SGLT-2 inhibitors are a novel class of medications that improve glycemic control via reduced glucose reabsorption in the renal proximal tubule resulting in glycosuria (40). SGLT-2 is present in segment 1 of the proximal tubule and normally accounts for around 90% of the glucose reuptake (40). As SGLT-2 expression is highly specific for the kidneys, SGLT-2 inhibitors should not affect glucose transport in other tissues (41). SGLT-2 inhibitors act independent of insulin secretion, severity of insulin resistance, and pancreatic ß-cell failure (40). The above unique mechanisms are responsible for the very low potential of SGLT-2 inhibitors to cause hypoglycemia and suggest that they may be effective across the spectrum of T2DM disease progression.

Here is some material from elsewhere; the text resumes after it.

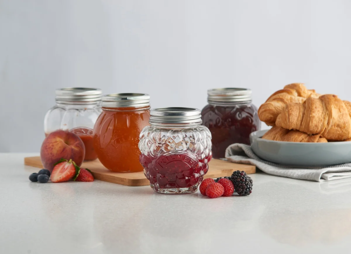 Hravé zaváracie poháre v tvare jahody, černice či maliny, pomaranča alebo paradajky ocení každý, koho baví zavárať a rád dáva svoje produkty ako darček. Poháre kopírujú nielen tvar, ale čiastočne aj štruktúru daného plodu. Zaváracie poháre z tvrdeného priehľadného skla s kovovým vrchnákom, ktorý má vymeniteľné vákuové tesnenie, je možné využiť aj na priame servírovanie.

As they act within the tubule, reduced glomerular filtration rate in chronic kidney disease can reduce the efficacy and safety of SGLT-2 inhibitors (40,41). Canagliflozin, dapagliflozin, and empagliflozin are some of the approved SGLT-2 inhibitors.

SGLT-2 inhibitors improve both glycemic and non-glycemic risk factors in T2DM patients. They induce urinary glucose losses around 40–80 g/day, resulting in decent glycemic control (HbA1c reduction around 0.7%) (42). This corresponds to around 200–300 kilocalories daily which can result in a 2–3 kg body weight loss over 24–52 weeks (40). Most weight loss associated with SGLT-2 inhibition was due to reduction in visceral fat which is associated with increased risk of T2DM, CV complications and overall mortality (40). SGLT-2 inhibitors showed a consistent BP lowering effect, more systolic than diastolic, without a compensatory increase in pulse rate, in multiple clinical studies (43,44). The mechanism of BP reduction is not entirely clear. Possible mechanisms include the osmotic diuretic effect, weight reduction, and a possible direct vascular effect via reducing arterial stiffness (40,44). In a meta-analysis of 27 randomized controlled trials (n=12,960 participants), SGLT-2 inhibitors significantly reduced both systolic BP (weighted mean difference of 4.0 mmHg) and diastolic BP (weighted mean difference of 1.6 mmHg) from baseline (43). SGLT-2 inhibitors were associated with a small increase in both HDL-C and LDL-C levels with concomitant reductions in triglyceride levels, the effect of which on CV events is not very clear at this time (40,45). SGLT-2 inhibition is also associated with reduced glomerular hyperfiltration and urinary albumin excretion which might suggest the nephroprotective effect of this class of drugs (40 (Figure 1).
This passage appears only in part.